Wrapper Objects [...] but requires a lot of 'garbage' objects that are created and immediately discarded.

If the lifetime of such a wrapper is limited to a callsite (+ inlined callee) then the compiler may be able to prove that through escape analysis and avoid the allocation by decomposing the wrapper object into its primitive members and use them directly in the generated code.

That essentially requires that those reference-wrappers are never stored to fields and only passed as method arguments

Unsafe Use sun.misc.Unsafe to allocate some native memory space, store the field value on that memory

You cannot store object-references in native memory. The garbage collector would not know about it and thus could change the memory address under your feet or GC the object if that is your only reference.

But since you're creating your own language you could simply desugar field references into object references + an offset. Ie pass two parameters (object ref + long offset) instead of one. If you know the offset you can use Unsafe to manipulate the field.

Obviously this will only work for object fields. Local references cannot be changed this way.

Bonus: Is it possible to implement pointers and pointer arithmetic using the Unsafe class?

Yes for unmanaged memory.

For memory within the managed heap you are only allowed to point to objects themselves and do pointer arithmetic relative to the object header.
And you always must store object references in Object -typed fields. Storing them in a long would lead to GC-implementations (precise ones at least) missing the reference.

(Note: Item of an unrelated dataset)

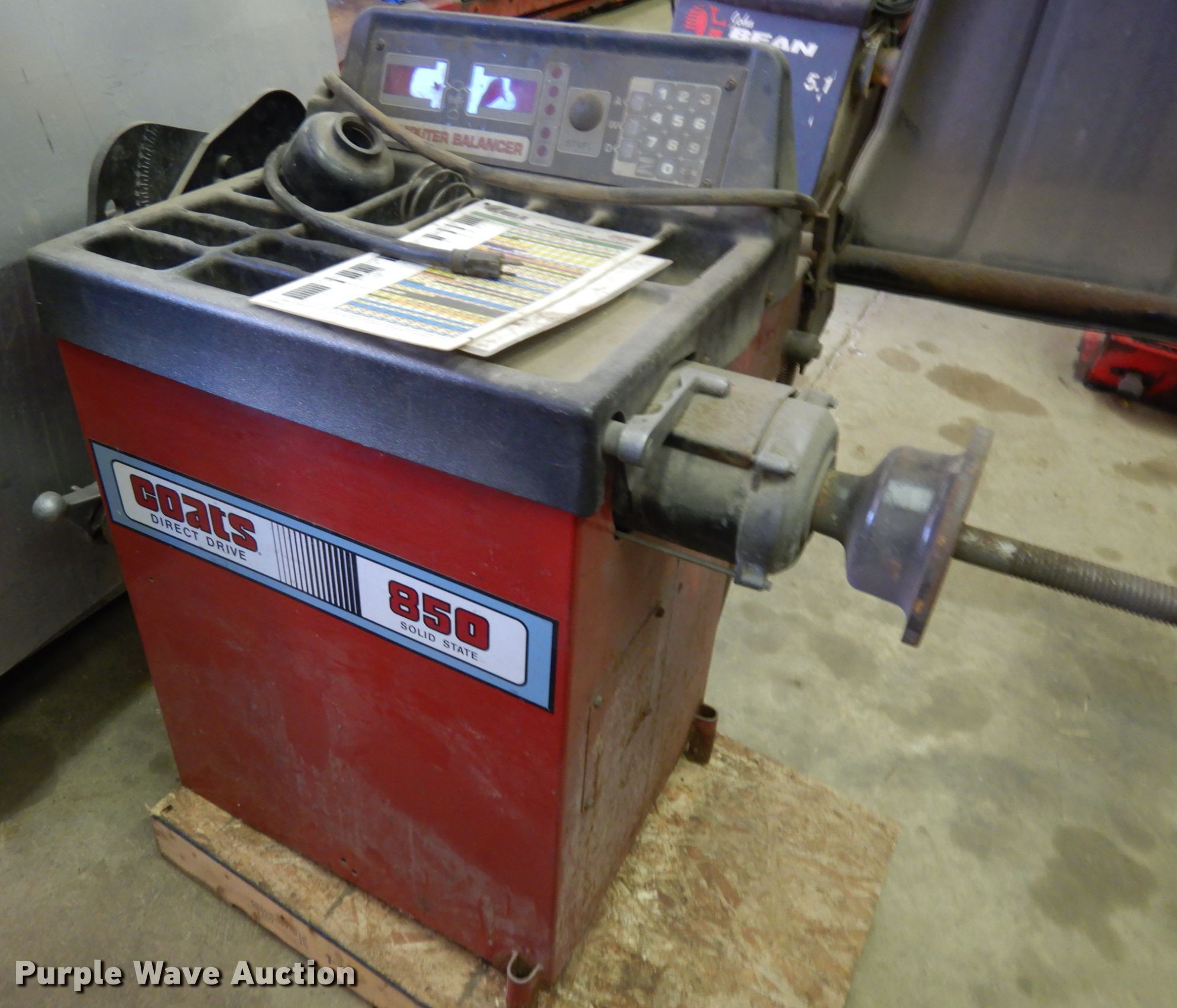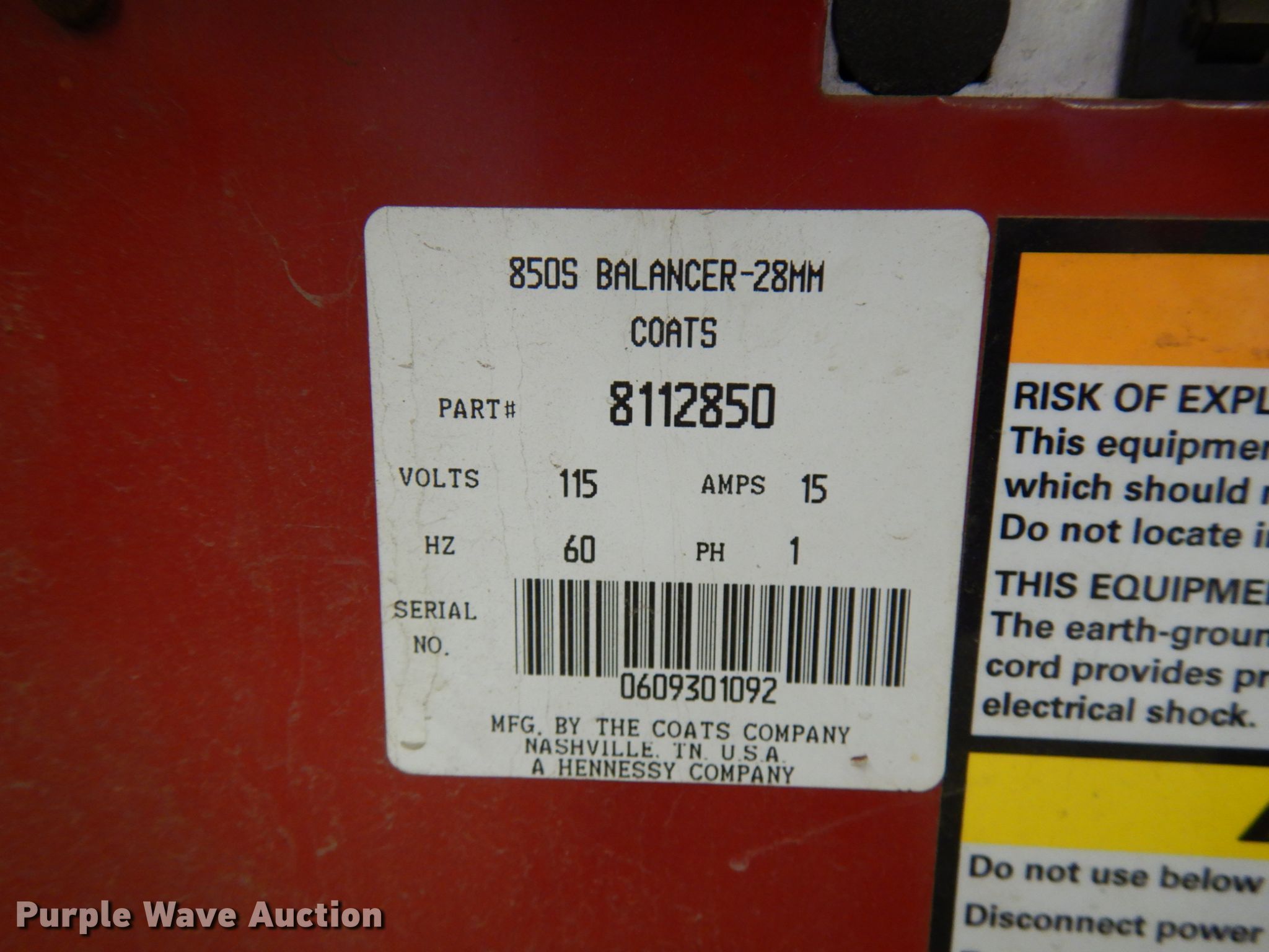 Purple Wave is selling a used Tools in Iowa. This item is a Coats 850S solid state wheel balancer with the following: 115V, 15 amp, Single phase, 60 Hz, Part no. 8112850, Serial 0609301092

Edit: You might also be interested in ongoing work in the JDK regarding VarHandles . It's something you probably want to keep in mind when developing your language.

It's seems you have missed an important point about the pass-by-reference concept: whenever a write into the reference happens, the referenced variable will be updated. This is different to any concept like yours that will actually pass a copy in a holder and update the original variable upon method return.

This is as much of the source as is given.